# Python Tutorial, Session 1 exercises

# Zombie Apocalypse

=========================================================================

Dear Scientist

We have shortly briefed you with the basic of Python programming. Before accepting you on the team, we will test you on this knowledge . If you pass the test, we will start providing you the data of the zombie outbreak.

Regards,

The Earth Leaders

=========================================================================

Let's start by importing some necessary modules:

In [None]:
import numpy as np
import scipy
%pylab inline
import pylab as plt
import scipy.optimize as opt

## Part 1: test your Python basics

Imagine we have a typical six-sided die, that will give us a value in a finite range with equal probability. We can model this using <tt>np.random.randint</tt>

In [None]:
np.random.randint?

We can model a throw by using this method to randomly return a number between 1 and 6 inclusive:

In [None]:
print(np.random.randint(1,7))

Executing the cell again will give us another random answer (try it).
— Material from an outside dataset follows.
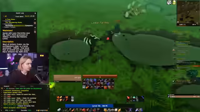 09:15:55Der Streamer nimmt verschiedene Quests in den Burning Steppes an, die für den BRD-Run relevant sind. Er sucht nach Songflowers für World Buffs und stellt fest, dass einige nicht spawnen oder bereits geholt wurden. Die Gruppe diskutiert Quest-Items wie das Symbol of Ragnaros und den Torch of Retribution, die für den Fortschritt essenziell sind. Es gibt Interaktionen mit dem Chat, um die Buffs effizient zu nutzen, und der Streamer betont die Wichtigkeit dieser Vorbereitung für den erfolgreichen Dungeon-Run. Die Probleme mit Quest-Spawn-Timings werden als Hindernis genannt, das gemeinsam gelöst werden muss.

To roll the die $n$=20 number of times, we can pass $n$ as a parameter to the method through the keyword <tt>size</tt>.

In [None]:
n = 20
print(np.random.randint(1,7,size=n))

So now imagine that we have two dice that we want to roll and each make note of the sum of their two values:

In [None]:
ntimes = 50 
d1 = np.random.randint(1,7,ntimes)
d2 = np.random.randint(1,7,ntimes)
sumdice = d1+d2 # we can do this, as d1 and d2 are each a np.array
print(sumdice)

If we repeat the rolling $n$ times, we will obtain a distribution. Plotting it will give us some indication (if we happened to skip that day of stats class), as will noting the mean and standard deviation

## Reminder: watch the indentation!
To define a function (comments are optional but often proved to be useful):
```python
def squared(x):
    a = 'this is inside the function'
    return a
```

Using loops:
```python 
for jj in range(10):
    print(jj)
print('this is not part of the loop')
```

**Q1.1 Begin by plotting the histogram of summed distribution, and printing the mean and standard deviation of the distribution**

You will probably want to use the following functions (look them up if you're not sure what they do):
```python
    plt.hist(values,range=(?,?),bins=?)
    np.array.mean()
    np.array.std()
```

In [None]:
#write your code here

**Q1.2 Automating the dice throwing** can be performed by creating two functions:

(1)
```python
    get_summed_dice(ntimes)
```
that generates the distribution of the summed dice for $n$ number of throws, and 

(2)
```python
    throw_dice(ntimes)
```
a wrapper function that takes in $n$ and creates, plots and prints the distribution.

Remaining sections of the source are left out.